Merda. Eu olhei a tela. Era o Owen. — Foi mal, Owen. Eu achei que fosse o meu chefe. Me chama de Maverick, ou Mave. “Sra. Winston” me deixa com cara de velha.
— Desculpe, senhora.
— Tá. Tanto faz. Em que eu posso ajudar, Owen?
— Meu chefe mandou eu ver como você está. Ele ainda tá preso na reunião.
— Ah, eu tô bem. Acabei de voltar da minha avó. Eu tava indo pro meu apartamento.
— Ele quer que você esteja no penthouse. Ele já deixou suas coisas preparadas.
— Como assim?
— Ele resolveu tudo.
— Ele é sempre assim? Querendo controlar tudo?
— Quase sempre, senhora.
— Para de me chamar de senhora. E eu vou pro penthouse, se você não se importar de me passar o endereço.
— Tô te mandando agora.
Quando o endereço chegou, eu salvei no GPS do carro. Levei quase uma hora até uma das torres residenciais mais altas de Manhattan. A Central Tower se erguia enorme na minha frente, e eu não fazia ideia do que fazer, onde estacionar meu carro — que claramente não tinha nada a ver com aquele lugar — nem pra onde ir depois.
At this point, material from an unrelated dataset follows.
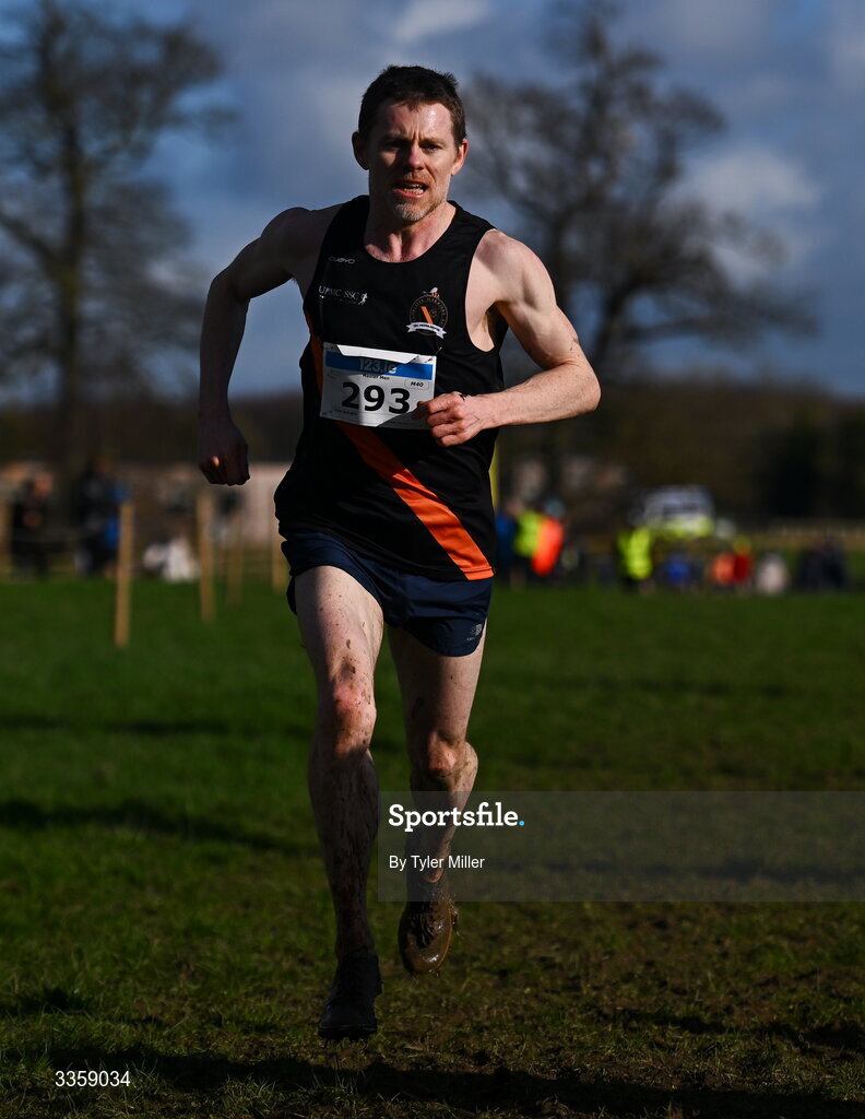 15 February 2026; Colm Rooney of Clonliffe Harriers A.C., Dublin, competes in the men's masters 6000m during the 123.ie National Intermediate, Masters & Juvenile B Cross Country Championships at the Sport Ireland National Cross Country Course in Abbottstown, Dublin. Photo by Tyler Miller/Sportsfile

Uma batida no vidro interrompeu meus pensamentos. Era um manobrista pedindo pra eu sair dali. Foi quando eu reparei num Cadillac atrás de mim.
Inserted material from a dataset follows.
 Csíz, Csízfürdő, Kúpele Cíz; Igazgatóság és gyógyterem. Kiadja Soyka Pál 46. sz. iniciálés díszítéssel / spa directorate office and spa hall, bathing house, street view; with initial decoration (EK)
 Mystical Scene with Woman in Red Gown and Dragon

— Merda. — Eu saí dirigindo pra procurar uma vaga e quase atropelei alguém. — Que porra é essa?
Era o Owen. Dessa vez, ele estava sem o paletó do terno. Parecia bonito e jovem. — Você tá tentando me atropelar? — Ele entrou no carro. — Vamos. Vira à direita. O chefe tem uma área de estacionamento particular.
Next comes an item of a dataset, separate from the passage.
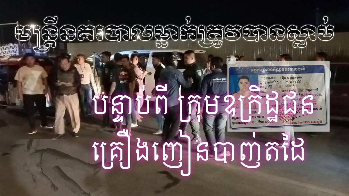 រាជធានីភ្នំពេញ៖ (ព័ត៌មានបឋម) មន្ត្រីនគរបាលម្នាក់ ត្រូវបានស្លាប់បន្ទាប់ពី ក្រុមឧក្រិដ្ឋជនគ្រឿងញៀនបាញ់តដៃ ក្នុងការចុះបង្ក្រាបមួយ ដែលធ្វើឡើងដោយ សមត្ថកិច្ច នៃមន្ទីរប្រឆាំងគ្រឿងញៀន អគ្គស្នងការដ្ឋាននគរបាលជាតិ នៅចំណុចស្តុបផ្លូវ៥០ កែង៦០ម៉ែត្រ ជាប់ព្រុំប្រទល់បីគឺ ជាប់ក្រុងតាខ្មៅ ខណ្ឌមានជ័យ និងកន្លែងកើតហេតុ ខណ្ឌដង្កោ កាលពីវេលាម៉ោង ១៩ និង ៣០នាទី ព្រលប់ថ្ងៃទី២៨ ខែធ្នូ ឆ្នាំ២០២២។
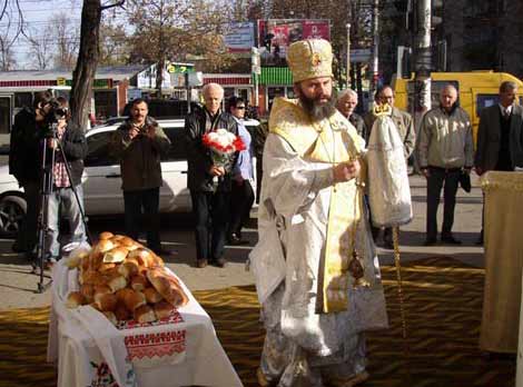 На фото: ╢пископ С╕мферопольський ╕ Кримський Климент чита╓ молитву за невинно загиблими...

— Eu tô completamente fora do meu lugar. Eu, sinceramente, não sei o que eu tava pensando e em que merda eu me meti.
— Você vai ficar bem.
Eu olhei pra ele de lado, por um instante. — Então não é a primeira vez que seu chefe te manda procurar uma esposa pra ele?
— Eu tenho uma lista de candidatas, mas ele dispensou todas, até a mulher…
— Com quem ele tá saindo.
— O chefe não “sai” com ninguém. Eu não chamaria isso de namoro. Eles só ficaram, sem compromisso, e os dois sabem exatamente qual é a situação.
— Uau. — Doeu saber que meu marido ainda ficava com outra mulher. Mesmo com nosso acordo bem claro, e com a gente tendo combinado um relacionamento aberto enquanto ainda fôssemos casados, desde que tudo fosse informado, ainda assim não me descia.
Tinha uma cláusula de que a gente podia concordar em dormir junto, desde que fosse consensual, e isso foi antes de eu descobrir que ia me casar com o filho.
Eu estacionei meu carro ao lado de um Audi R8, que parecia que devia estar num pátio de sucata. — Ele coleciona carros. Por que eu ainda me surpreendo?
— Ele coleciona, mas nunca faz questão de mostrar.
— Você pode falar mal assim do seu empregador?
— Claro. — Ele me ajudou a sair e me guiou até a porta do elevador privativo, que ele destrancou com o cartão.
Assim que a porta se fechou, começou a tocar um rock clássico. Era um elevador supermoderno, mas demorou um pouco pra chegar ao penthouse.
Ele nos deixou no corredor, e Owen destrancou a porta dupla. Eu me surpreendi com o tamanho do penthouse. Era acolhedor, com o pé-direito alto, fazendo tudo parecer amplo, espaçoso e aconchegante, com um design de interiores moderno.
A janela enorme, do chão ao teto, dava vista pros arranha-céus e pro parque da cidade. Havia uma escada no canto que levava ao andar de cima, mas o que mais me chamou a atenção foi o tom neutro das paredes, em contraste com os estofados, os tapetes e os diferentes detalhes dos móveis.
Eu esperava algo com uma pegada mais masculina, mas o Lake continuava me surpreendendo.